▸ SOURCE MATERIAL

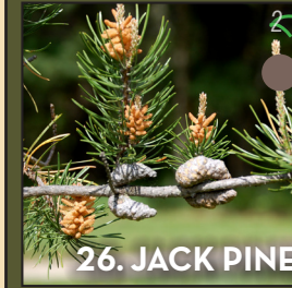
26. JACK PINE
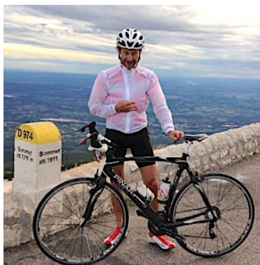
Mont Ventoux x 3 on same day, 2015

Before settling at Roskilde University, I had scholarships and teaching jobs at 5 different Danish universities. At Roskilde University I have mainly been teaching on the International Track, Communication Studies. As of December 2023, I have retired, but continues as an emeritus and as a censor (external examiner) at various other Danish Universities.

▸ EXERCISE DETAILS
Return all the lines above exactly; none of the pictures should appear.

▸ WRITTEN REPLY
26. JACK PINE
Mont Ventoux x 3 on same day, 2015

Before settling at Roskilde University, I had scholarships and teaching jobs at 5 different Danish universities. At Roskilde University I have mainly been teaching on the International Track, Communication Studies. As of December 2023, I have retired, but continues as an emeritus and as a censor (external examiner) at various other Danish Universities.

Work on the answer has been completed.